Un surdosage, s'il se produisait, pourrait avoir des conséquences graves, comme une insuffisance cardiaque congestive, des troubles électrolytiques ou acido-basiques.
5. PROPRIETES PHARMACOLOGIQUES
5.1. Propriétés pharmacodynamiques
Classe pharmacothérapeutique: SOLUTIONS POUR HEMOFILTRATION ET HEMODIALYSE
Code ATC: B05ZB.
Hemosol B0 est pharmacologiquement inactif. Les ions sodium, calcium, magnésium et chlorure sont présents à des concentrations similaires aux concentrations physiologiques du plasma.
La solution est utilisée pour remplacer l'eau et les électrolytes éliminés durant l'hémofiltration ou pour servir de milieu d'échange approprié au cours de l'hémodiafiltration ou de l'hémodialyse continue.
Le bicarbonate est utilisé en tant que tampon alcalinisant.
5.2. Propriétés pharmacocinétiques
Les principes actifs, inactifs sur le plan pharmacologique, sont présents à des concentrations similaires aux concentrations physiologiques du plasma.
5.3. Données de sécurité préclinique
Sans objet.
Eau pour préparations injectables
Grand compartiment B:
Eau pour préparations injectables
Dioxyde de carbone
En l'absence d'études de compatibilité, ce produit ne doit pas être mélangé à d'autres médicaments.
Il est de la responsabilité du médecin prescripteur de juger de l'incompatibilité de l'ajout à HEMOSOL B0 d'un autre médicament. Il doit vérifier le changement éventuel de couleur et/ou une éventuelle précipitation, la présence de complexes insolubles ou de cristaux. La notice d'utilisation relative au médicament à ajouter doit être consultée.
Avant d'ajouter un médicament, il convient de vérifier sa solubilité et sa stabilité dans une eau au pH d'HEMOSOL B0 (le pH de la solution reconstituée est de 7,0 à 8,5)
Le médicament compatible doit être ajouté à la solution reconstituée et la solution obtenue doit être immédiatement administrée.
Durée de conservation dans le suremballage en polychlorure de vinyle (PVC) : 1 an.
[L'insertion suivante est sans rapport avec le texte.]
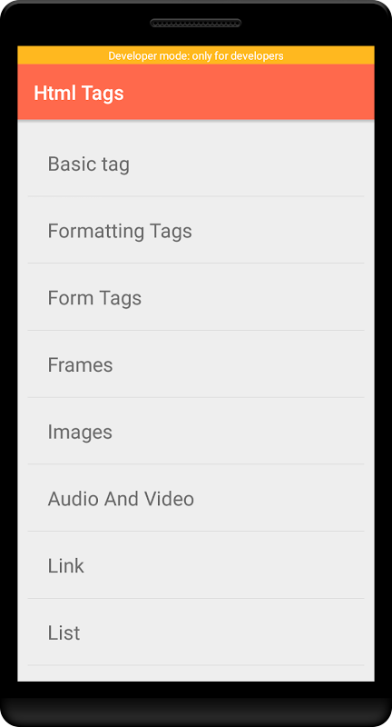 This app will provide description about the HTML tags like Basic tag, Formatting tag, Form tag, Frame tag, Image tag, Link tag, List tag, Table tag, Style tag, Meta tag etc with it's example.

Durée de conservation dans le suremballage en polyoléfine : 18 mois.
La stabilité physico-chimique de la solution reconstituée a été démontrée pendant 24 heures à 22°C.
Toutefois, d'un point de vue microbiologique, une fois la poche ouverte (c'est à dire connectée à la ligne) et en raison de la présence de bicarbonate, la solution reconstituée doit être utilisée immédiatement.
Si elle n'est pas utilisée immédiatement, tout autre délai et conditions de conservation avant utilisation relèvent de la seule responsabilité de l'utilisateur et le délai ne devrait normalement pas dépasser 24 heures, y compris la durée du traitement.
6.4. Précautions particulières de conservation
Ne pas conserver à une température inférieure à 4°C.
6.5. Nature et contenu de l'emballage extérieur
L'emballage en polychlorure de vinyle (PVC) ou en polyoléfine (laminés multicouches dérivés du polypropylène) se présente sous forme d'une poche à deux compartiments (250 ml + 4750 ml). Une soudure pelable ou un cône sécable sépare les deux compartiments.
Le grand compartiment B (4750 ml) comporte un site d'injection permettant d'ajouter les solutions médicamenteuses à la solution après sa reconstitution, ainsi qu'un connecteur Luer pour le branchement de la poche à la ligne de réinjection ou de dialysat.
La poche est présentée dans un emballage de protection transparent en copolymère multicouche.
Chaque carton contient 2 poches.
6.6. Précautions particulières d’élimination et de manipulation
La solution d'électrolyte est ajoutée à la solution tampon, après cassure du cône sécable ou ouverture de la soudure pelable inter-compartiment et juste avant son administration au patient.
Une notice d'information destinée aux patients détaillant les conditions d'utilisation est jointe dans le carton.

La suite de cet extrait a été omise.